Yanjin Bai scite author profile

Background Colon cancer is a common malignant tumor of the digestive tract, and its incidence is ranked third among gastrointestinal tumors. The present study aims to investigate the role of a novel circular RNA (circCSPP1) in colon cancer and its underlying molecular mechanisms. Methods Bioinformatics analysis and reverse transcription-quantitative PCR were used to detect the expression levels of circCSPP1 in colon cancer tissues and cell lines. The effects of circCSPP1 on the behavior of colon cancer cells were investigated using CCK-8, transwell and clonogenic assays. Bioinformatics analysis along with luciferase, fluorescence in situ hybridization and RNA pull-down assays were used to reveal the interaction between circCSPP1, microRNA (miR)-431, Rho associated coiled-coil containing protein kinase 1 (ROCK1) and zinc finger E-box binding homeobox 1 (ZEB1). Results It was found that circCSPP1 expression was significantly upregulated in colon cancer tissues and cell lines. Overexpression of circCSPP1 significantly promoted the proliferation, migration and invasion of colon cancer cells, whereas silencing of circCSPP1 exerted opposite effects.
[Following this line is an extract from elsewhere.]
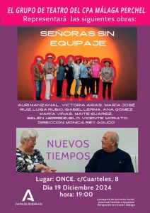 El próximo día 19 de diciembre 2024, el grupo de Teatro del CPA Málaga Perchel representará las simientes obras… Post Views: 624 Navegación de entradas Encuentro comarcal de CPAS, Teatro y Senderismo en Ronda Circuito Provincial de Teatro en Archidona, recorrido y fotos

Mechanistically, circCSPP1 was found to bind with miR-431. In addition, ROCK1 and ZEB1 were identified as the target genes of miR-431. Rescue experiments further confirmed the interaction between circCSPP1, miR-431, ROCK1 and ZEB1. Moreover, circCSPP1 promoted the expression level of ROCK1, cyclin D1, cyclin-dependent kinase 4, ZEB1 and Snail, and lowered the E-cadherin expression level. Conclusion Taken together, the findings of the present study indicated that circCSPP1 may function as a competing endogenous RNA in the progression of colon cancer by regulating the miR-431/ROCK1 and miR-431/ZEB1 signaling axes.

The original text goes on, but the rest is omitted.